== EXERCISE INSTRUCTIONS ==
Copy every line below that has the word "black" in it.

----

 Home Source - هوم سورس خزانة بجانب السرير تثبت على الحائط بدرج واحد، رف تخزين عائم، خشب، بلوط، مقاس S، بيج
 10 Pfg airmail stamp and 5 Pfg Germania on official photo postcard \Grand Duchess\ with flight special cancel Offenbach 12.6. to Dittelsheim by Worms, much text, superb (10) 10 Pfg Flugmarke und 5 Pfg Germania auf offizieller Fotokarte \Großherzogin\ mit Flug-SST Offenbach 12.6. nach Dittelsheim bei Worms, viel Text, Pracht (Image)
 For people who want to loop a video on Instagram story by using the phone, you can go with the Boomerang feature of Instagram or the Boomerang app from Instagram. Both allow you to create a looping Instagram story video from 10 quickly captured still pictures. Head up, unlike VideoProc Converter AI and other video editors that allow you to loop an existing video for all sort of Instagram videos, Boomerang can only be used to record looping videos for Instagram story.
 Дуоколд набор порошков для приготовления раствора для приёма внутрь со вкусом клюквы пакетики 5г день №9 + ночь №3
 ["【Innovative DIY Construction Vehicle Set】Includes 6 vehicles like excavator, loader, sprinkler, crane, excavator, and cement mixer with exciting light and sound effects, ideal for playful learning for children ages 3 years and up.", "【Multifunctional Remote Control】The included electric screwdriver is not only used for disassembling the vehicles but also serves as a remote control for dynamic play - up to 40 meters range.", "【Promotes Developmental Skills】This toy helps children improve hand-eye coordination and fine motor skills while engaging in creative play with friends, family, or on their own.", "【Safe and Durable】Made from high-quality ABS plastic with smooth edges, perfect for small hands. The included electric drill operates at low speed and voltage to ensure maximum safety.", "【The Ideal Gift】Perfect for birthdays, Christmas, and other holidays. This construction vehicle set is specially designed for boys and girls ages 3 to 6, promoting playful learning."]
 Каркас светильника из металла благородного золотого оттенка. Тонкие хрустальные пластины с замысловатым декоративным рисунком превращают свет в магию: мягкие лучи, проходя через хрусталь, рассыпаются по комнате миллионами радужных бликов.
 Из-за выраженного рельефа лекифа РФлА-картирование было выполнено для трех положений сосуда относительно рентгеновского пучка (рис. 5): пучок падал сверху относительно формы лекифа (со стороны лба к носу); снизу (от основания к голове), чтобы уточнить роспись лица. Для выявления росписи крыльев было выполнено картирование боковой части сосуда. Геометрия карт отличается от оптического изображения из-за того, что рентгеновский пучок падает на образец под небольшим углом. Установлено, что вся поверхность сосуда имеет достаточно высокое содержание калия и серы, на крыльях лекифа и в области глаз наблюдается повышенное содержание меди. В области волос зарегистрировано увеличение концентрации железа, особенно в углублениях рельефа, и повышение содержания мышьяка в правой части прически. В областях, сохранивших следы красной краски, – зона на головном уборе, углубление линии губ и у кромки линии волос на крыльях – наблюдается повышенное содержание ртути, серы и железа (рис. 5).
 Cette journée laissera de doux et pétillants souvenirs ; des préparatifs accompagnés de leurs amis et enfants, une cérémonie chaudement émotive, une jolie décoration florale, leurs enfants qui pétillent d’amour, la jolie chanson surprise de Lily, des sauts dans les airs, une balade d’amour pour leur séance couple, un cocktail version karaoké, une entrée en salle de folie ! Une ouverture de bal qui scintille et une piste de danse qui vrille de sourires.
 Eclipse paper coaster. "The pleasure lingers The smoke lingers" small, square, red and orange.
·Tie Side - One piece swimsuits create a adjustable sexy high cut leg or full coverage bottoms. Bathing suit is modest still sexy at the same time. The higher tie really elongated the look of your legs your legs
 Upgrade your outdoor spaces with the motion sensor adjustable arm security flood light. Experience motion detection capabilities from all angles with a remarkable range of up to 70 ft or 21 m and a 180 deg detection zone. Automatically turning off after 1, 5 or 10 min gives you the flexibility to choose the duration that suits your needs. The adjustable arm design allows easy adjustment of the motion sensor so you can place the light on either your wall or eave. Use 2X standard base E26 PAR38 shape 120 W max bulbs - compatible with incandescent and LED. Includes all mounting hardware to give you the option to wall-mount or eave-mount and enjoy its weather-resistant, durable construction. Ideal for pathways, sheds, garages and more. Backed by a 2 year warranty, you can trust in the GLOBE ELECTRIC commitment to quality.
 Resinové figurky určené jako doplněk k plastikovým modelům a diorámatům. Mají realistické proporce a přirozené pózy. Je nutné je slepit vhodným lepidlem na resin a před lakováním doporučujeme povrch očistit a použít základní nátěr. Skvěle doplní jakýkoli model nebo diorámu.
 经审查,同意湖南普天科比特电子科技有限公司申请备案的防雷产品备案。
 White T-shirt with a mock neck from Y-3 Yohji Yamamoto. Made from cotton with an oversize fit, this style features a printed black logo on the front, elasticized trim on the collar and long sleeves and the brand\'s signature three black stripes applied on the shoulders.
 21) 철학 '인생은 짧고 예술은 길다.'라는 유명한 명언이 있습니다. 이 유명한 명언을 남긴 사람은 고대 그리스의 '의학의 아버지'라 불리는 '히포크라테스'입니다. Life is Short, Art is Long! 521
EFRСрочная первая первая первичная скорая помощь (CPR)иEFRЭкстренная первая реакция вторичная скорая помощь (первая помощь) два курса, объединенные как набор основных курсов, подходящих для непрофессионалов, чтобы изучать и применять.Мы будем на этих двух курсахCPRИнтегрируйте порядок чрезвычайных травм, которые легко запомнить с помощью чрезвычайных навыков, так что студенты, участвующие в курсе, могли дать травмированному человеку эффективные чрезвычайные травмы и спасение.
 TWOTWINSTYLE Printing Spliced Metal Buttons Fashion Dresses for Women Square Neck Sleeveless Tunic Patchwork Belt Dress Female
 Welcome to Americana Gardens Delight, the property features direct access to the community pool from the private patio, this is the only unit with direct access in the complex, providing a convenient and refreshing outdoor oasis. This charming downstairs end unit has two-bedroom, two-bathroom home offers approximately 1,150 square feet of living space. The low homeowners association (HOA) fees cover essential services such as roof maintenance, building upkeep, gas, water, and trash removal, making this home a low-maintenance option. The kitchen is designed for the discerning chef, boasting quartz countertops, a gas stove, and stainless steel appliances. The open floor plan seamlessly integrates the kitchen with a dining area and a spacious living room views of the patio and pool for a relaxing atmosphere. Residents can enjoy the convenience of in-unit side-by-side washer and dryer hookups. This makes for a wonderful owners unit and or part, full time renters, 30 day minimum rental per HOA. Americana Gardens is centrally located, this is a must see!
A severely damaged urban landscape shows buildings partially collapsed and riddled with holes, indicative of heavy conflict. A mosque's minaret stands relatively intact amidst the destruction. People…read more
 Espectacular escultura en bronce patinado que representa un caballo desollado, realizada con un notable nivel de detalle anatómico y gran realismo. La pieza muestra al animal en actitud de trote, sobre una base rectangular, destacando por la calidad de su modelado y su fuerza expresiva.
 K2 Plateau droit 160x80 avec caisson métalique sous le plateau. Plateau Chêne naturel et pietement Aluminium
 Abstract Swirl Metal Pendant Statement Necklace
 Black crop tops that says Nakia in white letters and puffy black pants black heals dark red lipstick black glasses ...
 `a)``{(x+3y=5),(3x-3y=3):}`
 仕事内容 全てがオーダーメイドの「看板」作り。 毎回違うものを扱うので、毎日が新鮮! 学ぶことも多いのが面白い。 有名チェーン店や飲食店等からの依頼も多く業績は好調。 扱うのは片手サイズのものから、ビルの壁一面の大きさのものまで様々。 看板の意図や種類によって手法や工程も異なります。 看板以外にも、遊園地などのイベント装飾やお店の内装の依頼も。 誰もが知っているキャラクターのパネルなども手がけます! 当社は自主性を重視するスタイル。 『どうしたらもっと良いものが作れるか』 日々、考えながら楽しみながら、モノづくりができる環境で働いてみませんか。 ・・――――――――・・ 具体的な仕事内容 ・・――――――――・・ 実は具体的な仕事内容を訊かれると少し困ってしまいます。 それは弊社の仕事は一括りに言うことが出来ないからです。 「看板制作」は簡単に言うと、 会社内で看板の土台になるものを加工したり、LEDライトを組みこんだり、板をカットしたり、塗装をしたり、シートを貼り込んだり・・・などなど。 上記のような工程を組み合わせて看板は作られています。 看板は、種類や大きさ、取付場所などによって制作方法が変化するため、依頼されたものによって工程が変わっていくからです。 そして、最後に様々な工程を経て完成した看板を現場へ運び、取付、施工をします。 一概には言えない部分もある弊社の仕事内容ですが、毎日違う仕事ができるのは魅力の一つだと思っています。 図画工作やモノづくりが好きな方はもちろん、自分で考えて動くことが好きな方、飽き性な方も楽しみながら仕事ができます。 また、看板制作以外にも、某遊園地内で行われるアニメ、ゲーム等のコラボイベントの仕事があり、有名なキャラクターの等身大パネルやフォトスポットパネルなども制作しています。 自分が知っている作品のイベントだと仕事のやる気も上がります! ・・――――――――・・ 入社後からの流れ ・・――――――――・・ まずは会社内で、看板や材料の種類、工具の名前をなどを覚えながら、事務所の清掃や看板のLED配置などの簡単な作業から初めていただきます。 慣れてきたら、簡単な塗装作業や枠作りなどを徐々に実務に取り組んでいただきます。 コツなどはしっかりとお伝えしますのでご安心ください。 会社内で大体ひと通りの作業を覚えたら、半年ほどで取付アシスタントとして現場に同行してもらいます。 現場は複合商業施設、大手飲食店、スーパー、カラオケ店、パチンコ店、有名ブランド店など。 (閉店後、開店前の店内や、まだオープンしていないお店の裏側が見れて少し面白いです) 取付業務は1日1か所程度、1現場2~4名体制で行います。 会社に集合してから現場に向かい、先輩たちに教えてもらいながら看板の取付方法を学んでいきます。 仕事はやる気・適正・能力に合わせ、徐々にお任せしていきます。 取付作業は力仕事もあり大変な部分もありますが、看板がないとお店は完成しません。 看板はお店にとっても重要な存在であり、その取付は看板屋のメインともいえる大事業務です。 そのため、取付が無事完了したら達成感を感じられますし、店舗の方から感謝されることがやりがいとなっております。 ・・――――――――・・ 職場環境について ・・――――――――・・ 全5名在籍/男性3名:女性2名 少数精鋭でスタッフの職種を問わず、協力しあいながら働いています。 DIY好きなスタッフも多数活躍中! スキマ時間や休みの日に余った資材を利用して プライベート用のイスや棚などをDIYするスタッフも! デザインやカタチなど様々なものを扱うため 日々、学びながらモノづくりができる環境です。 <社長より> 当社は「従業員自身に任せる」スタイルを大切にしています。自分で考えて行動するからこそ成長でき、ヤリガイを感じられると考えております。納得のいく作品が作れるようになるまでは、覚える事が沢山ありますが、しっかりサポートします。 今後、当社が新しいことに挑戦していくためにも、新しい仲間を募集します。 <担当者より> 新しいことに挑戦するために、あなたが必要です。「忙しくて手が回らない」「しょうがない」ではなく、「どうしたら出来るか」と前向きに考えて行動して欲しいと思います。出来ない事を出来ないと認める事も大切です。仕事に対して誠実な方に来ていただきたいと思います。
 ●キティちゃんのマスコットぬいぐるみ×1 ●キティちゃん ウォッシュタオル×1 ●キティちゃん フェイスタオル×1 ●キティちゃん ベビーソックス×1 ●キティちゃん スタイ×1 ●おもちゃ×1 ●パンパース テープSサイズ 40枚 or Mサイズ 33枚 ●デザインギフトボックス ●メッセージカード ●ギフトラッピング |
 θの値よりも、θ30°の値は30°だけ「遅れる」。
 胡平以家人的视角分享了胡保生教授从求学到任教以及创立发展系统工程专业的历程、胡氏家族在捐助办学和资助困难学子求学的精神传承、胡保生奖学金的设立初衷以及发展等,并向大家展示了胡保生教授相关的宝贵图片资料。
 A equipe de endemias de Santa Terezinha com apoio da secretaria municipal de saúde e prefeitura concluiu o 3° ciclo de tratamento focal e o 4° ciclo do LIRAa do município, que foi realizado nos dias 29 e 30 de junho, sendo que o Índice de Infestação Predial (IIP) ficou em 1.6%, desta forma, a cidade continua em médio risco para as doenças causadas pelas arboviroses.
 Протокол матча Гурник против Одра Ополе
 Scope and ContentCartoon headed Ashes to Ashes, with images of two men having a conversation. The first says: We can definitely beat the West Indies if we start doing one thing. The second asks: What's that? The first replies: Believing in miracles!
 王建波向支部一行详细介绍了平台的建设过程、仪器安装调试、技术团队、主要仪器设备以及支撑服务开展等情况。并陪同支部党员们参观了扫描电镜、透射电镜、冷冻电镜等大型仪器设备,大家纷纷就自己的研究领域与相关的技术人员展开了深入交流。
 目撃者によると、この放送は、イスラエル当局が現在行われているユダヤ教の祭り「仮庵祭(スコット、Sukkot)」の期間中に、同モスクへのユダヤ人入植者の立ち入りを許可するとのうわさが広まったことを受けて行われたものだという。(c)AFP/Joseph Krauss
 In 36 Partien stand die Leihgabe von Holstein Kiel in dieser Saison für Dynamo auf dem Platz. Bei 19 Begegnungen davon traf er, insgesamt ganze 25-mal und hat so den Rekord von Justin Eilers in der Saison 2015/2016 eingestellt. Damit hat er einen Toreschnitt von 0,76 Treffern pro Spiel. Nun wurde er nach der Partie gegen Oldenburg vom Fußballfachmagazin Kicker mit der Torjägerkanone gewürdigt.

----

== RESULT ==
 White T-shirt with a mock neck from Y-3 Yohji Yamamoto. Made from cotton with an oversize fit, this style features a printed black logo on the front, elasticized trim on the collar and long sleeves and the brand\'s signature three black stripes applied on the shoulders.
 Black crop tops that says Nakia in white letters and puffy black pants black heals dark red lipstick black glasses ...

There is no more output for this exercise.